- Directed by: Joel Novoa
- Written by: Vincent O'Connell
- Produced by: Sally Hibbin Patrick Cassavetti
- Starring: Simon Rivers Linus Roache Paul Popplewell Christine Tremarco Neil Pearson Andy Rush Lee Ross Richard Graham Perry Fenwick Duncan Airlie James
- Music by: Freddy Sheinfeld
- Distributed by: Universal Pictures
- Release date: 12 August 2016;
- Running time: 92 minutes
- Country: United Kingdom
- Language: English

= ID2: Shadwell Army =

ID2: Shadwell Army is a 2016 British football hooligan film made by Universal Pictures, directed by Joel Novoa, written by Vincent O'Connell and starring Simon Rivers, Linus Roache and Paul Popplewell. It is the sequel to the 1995 film I.D. and like its predecessor it is set in the Shadwell area of London and follows a Muslim police officer who is sent undercover to infiltrate the hooligan gang connected to Shadwell Town Football club.

Lee Ross reprises his role as "Gumbo", where as both Perry Fenwick and Richard Graham return in minor roles as Eddie and Trevor. The film was shot entirely in East Yorkshire and in particular Kingston Upon Hull.

==Plot==
Set twenty-one years after I.D., Mo, a young Muslim police officer in the Metropolitan Police is sent by Trevor to infiltrate the hooligan firm of Shadwell Town Football Club, who are reportedly fired up following the club's takeover by a wealthy Russian oligarch.
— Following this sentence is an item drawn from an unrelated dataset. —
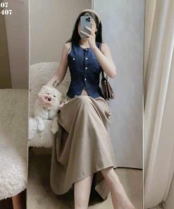 SET BỘ ĐỒ NỮ SÁT NACH TAY PHỐI VIỀN ĐÍNH NÚT MIX CHÂN VÁY DÀI DD105 – NANA FREESIZE < 53KG

Mo searches out Eddie who has now retired and is working as a stand-up comedian in a pub ran by former Shadwell player Gerry Edwards. Eddie warns Mo of the dangers of Shadwell firm and warns him whatever happens he needs to be careful not to be drawn in like John was, warning him of the alcoholism, drug abuse, violence and racism that comes with his assignment.

Mo begins attending The Rock pub (now called La Chien) where he becomes acquainted with some of Shadwell's hooligans, Nick, Danny Boy and Gumbo. Danny initially doesn't like Mo and gets angry when he loses a game of pool to him. Mo leaves the pub and makes his way towards the stadium where he comes across a group of Bolton Wanderers fans. Without the fans noticing him, Mo runs into a wall several times to feign injury and returns to the pub. When Nick and Danny see what has happened to Mo the Shadwell firm run out of the pub and ambush the Bolton fans and Mo's performance in the fight means he becomes accepted by the firm.
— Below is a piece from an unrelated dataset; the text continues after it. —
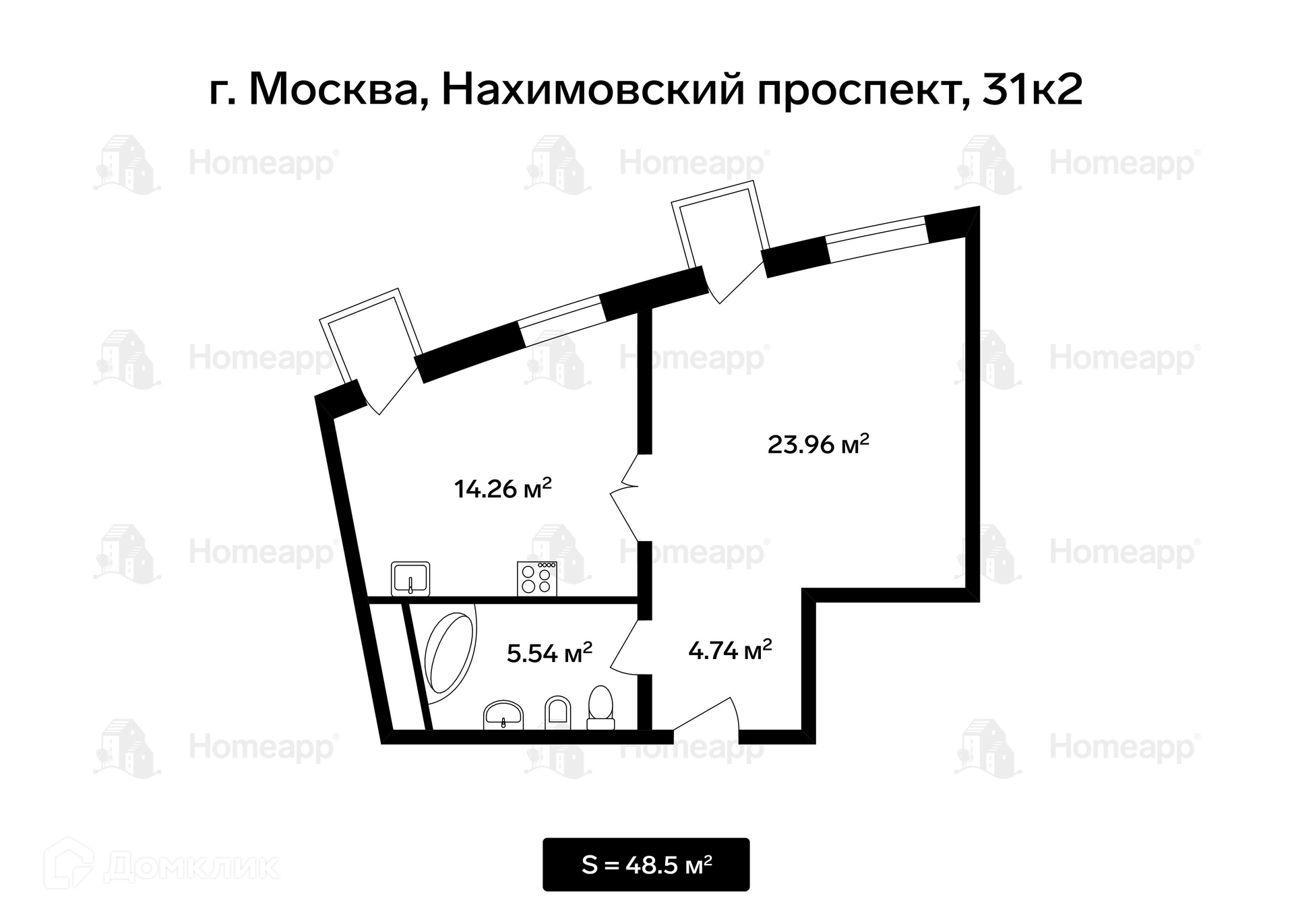 2-комнатная квартира, 48.5 м2, этаж 6 / 23, на продажу в Москве, Нахимовский проспект, 31к2

Mo is introduced to Vinnie who is one of the leaders of the firm, Mo attempts to follow Vinnie from the pub but is caught. Vinnie takes him back to his house where Alison his wife makes them both dinner. Vinnie tells Mo that he is working for special branch and is also undercover, he explains that he has been sent in to infiltrate a gang of far right fanatics attached to the club that object to the building of a new mosque next to Shadwell's stadium. The firm travel to Amsterdam for Shadwell's Europa League first leg fixture with Tambuur SC. Whilst there Andy, Danny and Gumbo use prostitutes and later in the pub Mo joins them in eating marijuana cakes which makes them intoxicated causing them to fall asleep in the pub and miss the game. When they wake they realise they have let Vinnie down and arrive in the middle of a fight with Dutch Police who are seen to be arresting Vinnie.
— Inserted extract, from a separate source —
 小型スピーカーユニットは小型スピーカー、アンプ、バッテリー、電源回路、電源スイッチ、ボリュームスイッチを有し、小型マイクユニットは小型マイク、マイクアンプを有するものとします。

Mo returns to London and arrives at Vinnie's house to warn Alison of Vinnie's arrest, she then allows Mo to stay the night on the sofa. The next morning Vinnie returns, Alison sends Mo out into the shed to hide assuming Vinnie would assume they were cheating. She and tells him to wait there as Vinnie arrives with Dave, George and Hunt who are members of the English Defence League. A plan is divulged to place a bomb inside a local mosque, Hunt produces a homemade bomb that George realises is about to detonate. Vinnie runs out and places it in his shed only for Mo to run out. Hunt holds a gun to Mo's head but Vinnie tells him he is a Sikh and that he hates Muslims, Dave then offers Mo an opportunity to join their group to which he accepts.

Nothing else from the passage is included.